The Bats have been doing their thing for 30 years now, which includes not only releasing albums sporadically but also working on other projects and taking some time off, too. Vocalist/guitarist Robert Scott’s also the bassist for the Clean (probably the key act for both Flying Nun Records and the idea of the Dunedin sound), and he’s been involved with the Magick Heads and other acts. The band’s other members have performed (besides various other work) together as Minisnap. After all this time and all these acts, it shouldn’t be surprising that The Bats have crystallized a particular sound, but it might be surprising that they’ve just released some of the best music of their career with Free All the Monsters.

It’s a sound that they’ve been tinkering with since their beginning. The Bats are a quintessential jangle-pop act, with identifiably jangly guitars working together to serve clear melodies with shades of more tastesful experiences of nostalgia, longing, or wandering. The sound is usually compared to either the Byrds or the Velvet Underground; while both acts are relevant for that period of New Zealand flourishing, the Bats stand more as representative of other developments than as inheritors of those traditions. The group has closer to ties to 1980s sensibilities than to the 1960s and seem to have skipped the punk influences and experimentalism that connected other groups (The Bats are certainly less rowdy than, say, the Clean, and less noisy than their successors). Outside of Dunedin and Christchurch, there may be more connection to the Paisley Underground, but the Bats typically eschew the psychedelic effects.

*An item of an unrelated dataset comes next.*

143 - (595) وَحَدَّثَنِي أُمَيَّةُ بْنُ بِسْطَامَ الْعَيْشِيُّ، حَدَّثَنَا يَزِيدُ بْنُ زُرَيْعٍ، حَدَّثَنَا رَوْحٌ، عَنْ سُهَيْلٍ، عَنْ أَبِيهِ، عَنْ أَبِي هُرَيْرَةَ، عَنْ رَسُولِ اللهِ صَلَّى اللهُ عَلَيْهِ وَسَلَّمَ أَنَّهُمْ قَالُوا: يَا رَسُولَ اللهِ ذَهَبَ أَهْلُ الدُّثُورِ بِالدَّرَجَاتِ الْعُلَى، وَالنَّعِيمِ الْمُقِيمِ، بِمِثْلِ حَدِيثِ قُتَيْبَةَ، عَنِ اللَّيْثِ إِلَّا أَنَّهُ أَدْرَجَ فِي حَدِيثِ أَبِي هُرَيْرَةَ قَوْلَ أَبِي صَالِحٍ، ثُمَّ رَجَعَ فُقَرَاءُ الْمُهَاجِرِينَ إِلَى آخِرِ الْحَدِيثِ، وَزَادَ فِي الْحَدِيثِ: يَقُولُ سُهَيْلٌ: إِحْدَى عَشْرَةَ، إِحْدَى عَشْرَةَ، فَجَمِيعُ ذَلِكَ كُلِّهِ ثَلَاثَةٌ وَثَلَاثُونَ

Connecting more to David Kilgour than to Lou Reed, the Bats seem to have both helped create and to have been created by their scene. Remarkably, they’ve stayed consistent to that sound across their eight albums (that’s probably one reason why the compilation Thousands of Tiny Luminous Spheres is such a marvel). The sound has perhaps become cleaner as production has gained a higher fidelity, adding a maturity to the sound that matches the band’s lyrics, but the aesthetic core remains.

All of which might just be a several-hundred word way of asking, “What makes this new one in particular so good?”

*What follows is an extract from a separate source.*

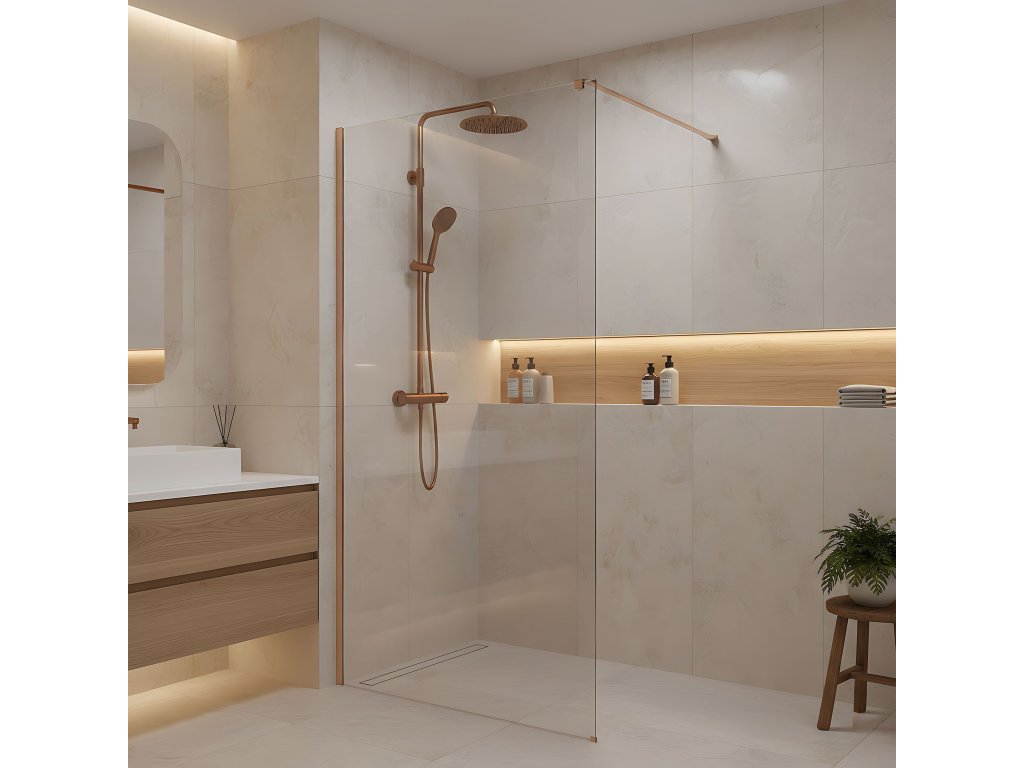 Snívate o kúpeľni plnej tepla a luxusu? Objavte sprchovú stenu walk-in Rea Flexi v zaujímavej konfigurácii: transparentné sklo a profil vo farbe kartáčovanej medi. Toto spojenie modernej formy a elegantného vyhotovenia dodáva interiéru jedinečný charakter. Konštrukcia z bezpečného 8 mm tvrdeného skla zaručuje dlhú životnosť a stabilitu.8 mm tvrdené sklo – hrubé, bezpečné transparentné sklo, ktoré vizuálne nenarúša priestor.Hliníkový profil v kartáčovanej medi – luxusná kartáčovaná povrchová úprava profilu a stabilizačného ramena, dokonale ladiaca s čírym sklom.Povrchová úprava Easy Clean – neviditeľná hydrofóbna vrstva uľahčujúca stekanie vody a chrániaca pred usadeninami mydla a vodného kameňa.Stabilizačné rameno 120 cm s možnosťou skrátenia – horné rameno v medenom odtieni je možné prispôsobiť individuálnym požiadavkám.Univerzálna montáž – stenu možno namontovať na pravú alebo ľavú stranu, na vaničku alebo priamo na podlahu.Konštrukcia Walk-In – moderný otvorený vstup bez pohyblivých prvkov, ktorý zaručuje pohodlie a spoľahlivosť.Sprchová stena Rea Flexi je ideálnou voľbou pre tých, ktorí hľadajú vycibrený štýl. Vďaka povrchovej úprave Easy Clean a kvalitným materiálom spája produkt vysokú estetiku s každodennou funkčnosťou.Dodatočné parametre

It’s a bit of the intangibles and the je ne sais quois (becaues I don’t), but those aren’t really acceptable answers. The title track provides some clues: Scott sings that the monsters (and by, implication, their associates) have “had enough trials and tribulations”, yet he remains placid. There’s a calm confidence here that makes his request to “free all the monsters” sound like a plea for something inevitable. Loaded with that delivery is the sort of assertion developed with experience. The song takes on a big sweep, and if the chorus isn’t arena-ready, it’s because it resists any draw toward melodrama.

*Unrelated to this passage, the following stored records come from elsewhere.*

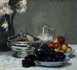 Beaumont produced work in the "intimiste" style, which often depicted bourgeois settings. The term was coined by Édouard Vuillard who used it to describe his own style.[2] Other practitioners include Maurice Lobre, René Georges Hermann-Paul, Henri Matisse, Rene Prinet and Ernest Laurent. The Intimists first collective exhibition was shown at Henry Grave's galleries in 1905.[3] The exhibition included several works by Hughes de Beaumont.
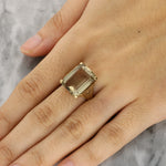 This striking ring is crafted in 9K yellow gold and set with a bold rectangular step-cut smoky quartz, securely held in a four-claw setting. The gemstone displays rich smoky brown tones with subtle transparency, its crisp step-cut facets lending an architectural quality to the design.
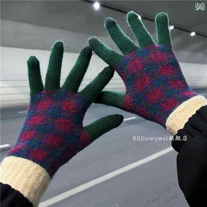 手袋 レディース 秋冬 スマホ対応 ニット 保温 厚手 暖かい 五本指 グローブ 防寒 防風 通学 普段使い お出かけ プレゼント クリスマス おしゃれ シンプル チェック柄 緑 オレンジ 青
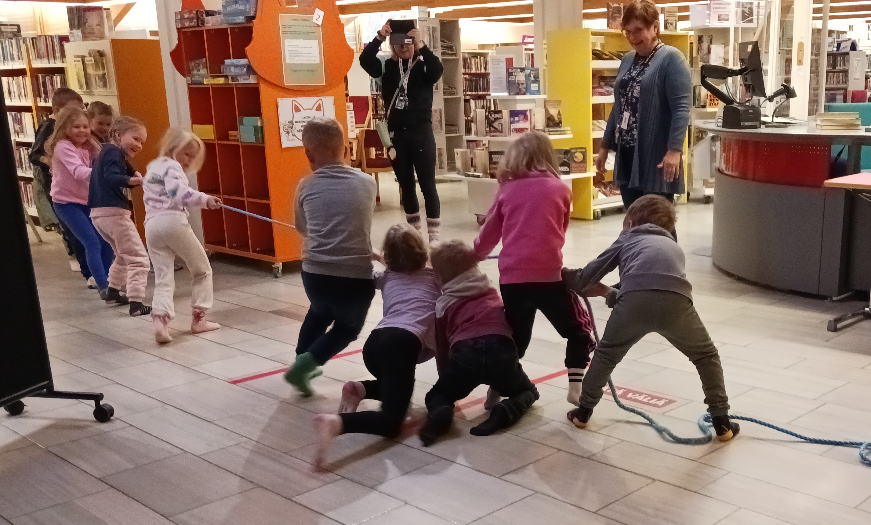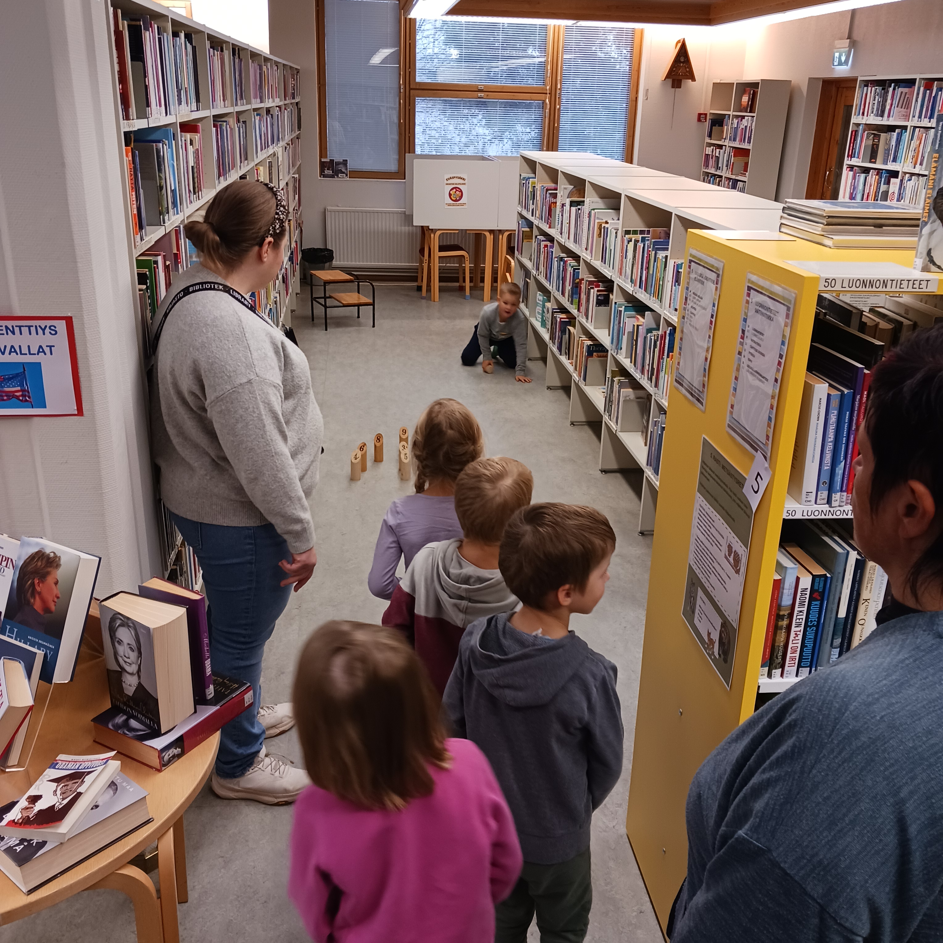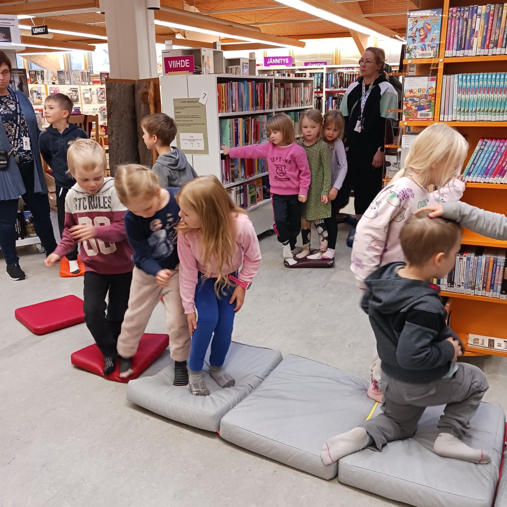 Torstaina vietimme Aleksis Kiven päivää. Irmeli ja Marru olivat tehneet kirjastoon 8-kohtaisen radan, jota suorittamaan tulivat Jyvälän päiväkodin eskarit.

Throughout the album, the band shows poise without sacrificing energy or emotion. Even “Spacejunk”, the album’s most uptempo song (despite its dreamy production), holds itself steady in both its chug and emotional content. That steadiness shouldn’t be confused with blind optimism (either sonically or lyrically), and it’s significant that the disc closes with “Getting Over You”, and a singer that acknowledges the hurt of heartbreak while accepting its place in life. Free All the Monsters manages to be mature and intelligent in its struggles, facing them calmly amid a sonic brightness while capturing the resistance of experience.